I remember learning an amazing randomized algorithm for max cut. If you pick edges at random 50/50 to be cut, you get a 2-approximation to the optimal solution. That is it's no more than twice as bad.
The first approximation algorithm, invented by Erdős. The best known by Goemans and Williamson achieves about 0.868 (IIRC) approximation, and is a thing of beauty as well.
No -- as another commenter pointed out, max-cut is (almost certainly) a much harder problem.

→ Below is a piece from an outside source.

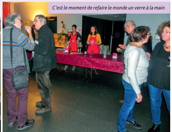
C'est le moment de refaire le monde un verre à la main

Specifically, there are algorithms that guarantee to solve every min-cut problem instance in time polynomial in the size of the problem (CS theorists call such algorithms "efficient"), while max-cut is an NP-complete problem. All NP-complete problems are "as hard as each other", and while no one has yet proven that they all take exponential time to solve, the brightest minds in CS have been searching for a faster algorithm for 40 years without success so far. Most people take that lack of progress as evidence that these problems really are hard.
The most famous NP-complete problem is probably the Travelling Salesman Problem. Another interesting one (because it seems like it "shouldn't be that hard") is Partition: Given a set of integers, can you partition them into two halves with equal sum?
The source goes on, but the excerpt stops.